2008 Canadian federal election
| Party | Candidate | Votes | % | ±% |
|  | Liberal | Bob Rae | 27,577 | 53.6% | -5.6% |
|  | Conservative | David Gentili | 9,405 | 18.3% | +5.8% |
|  | New Democratic | El-Farouk Khaki | 7,744 | 15.1% | +1.3% |
|  | Green | Ellen Michelson | 6,081 | 11.8% | -1.8% |
|  | Communist | Johan Boyden | 193 | 0.4% | +0.2%** |
|  | Animal Alliance | Liz White | 187 | 0.4% | -0.1% |
|  | Independent | Gerald Derome | 155 | 0.3% | n/a |
|  | Marxist–Leninist | Philip Fernandez | 92 | 0.2% | +0.09%** |  |
| Total valid votes |  |  | 51,434 |
| Total rejected ballots |  |  | – |
| Turnout |  |  | – | 59.2% |

==Awards==
Khaki was honoured at the 2006 Pride Week gala for his role in promoting queer Muslim awareness through Salaam.

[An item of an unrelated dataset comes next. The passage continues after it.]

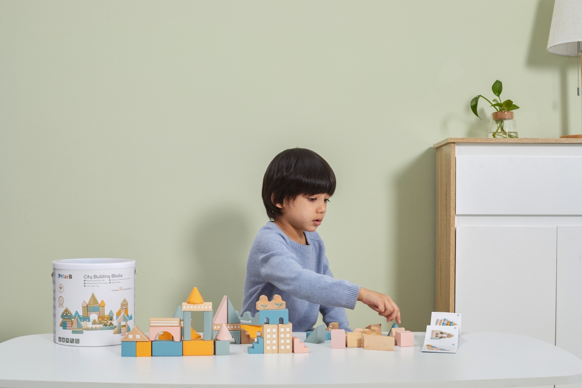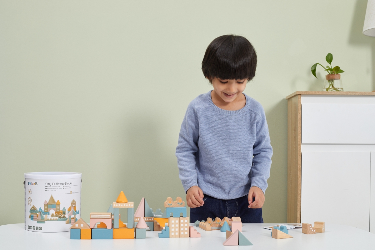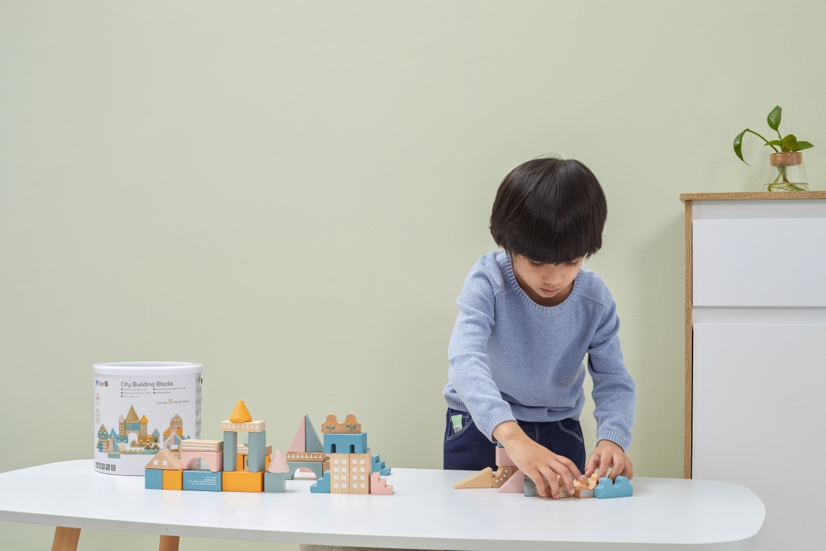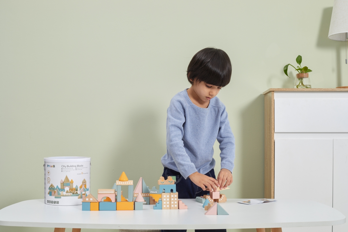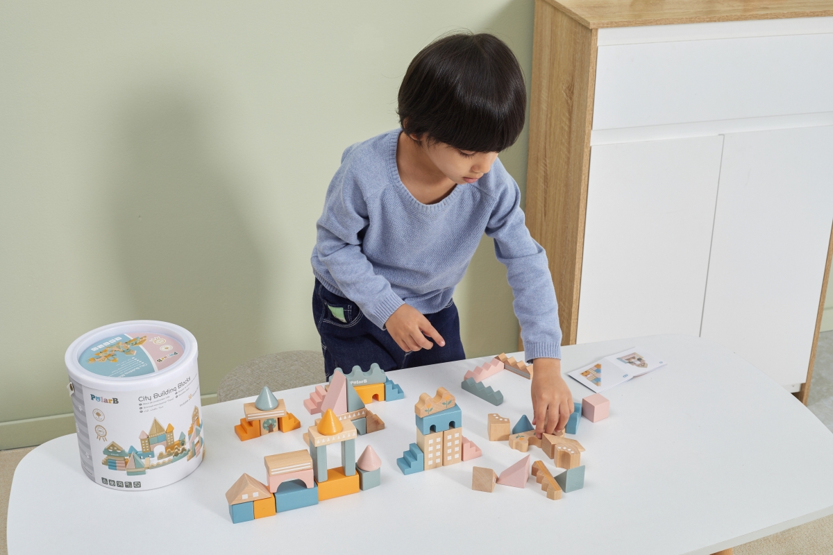 Dřevěná stavebnice v kyblíku. Obsahuje 50 dílků a obrázkovou brožuru s návody na stavění. Rozměry balení cca 18 x 18 cm. Velikost kostek 2,5 - 9 cm dl..

Reverend Brent Hawkes of the Toronto Metropolitan Community Church said of Khaki and the group, "I think Salaam is very important, both locally and internationally, in terms of creating a safe place for people of Muslim tradition to be able to come together both socially and spiritually". Of Khaki's role, he said "The work that El-Farouk has done is to help to make sure there is an option there."

In spring 2007, Khaki received the Steinert and Ferreiro Award from the Lesbian and Gay Community Appeal Foundation for his "major role in paving the way in Canada for refugee protection on the grounds of sexual orientation and gender", and because he "broke ground" in his work on gender equality in the Muslim community. The previous summer, Pride Toronto, one of the world's largest gay-pride festivals, recognized his work building tolerance and inclusiveness in the Muslim community with the 2006 Pride Award for Excellence in Spirituality. Also in 2007, Khaki was honoured with the Canadian Bar Association's Sexual Orientation and Gender Identity Conference Hero Award for contributions made in the area of equality for lesbian, gay, bisexual, and transgender people for his work with refugees who are sexual minorities or suffering from HIV.

==Media mentions==
"21 LGBT Muslims Who Are Changing the World." The Advocate. December 20, 2016. Web.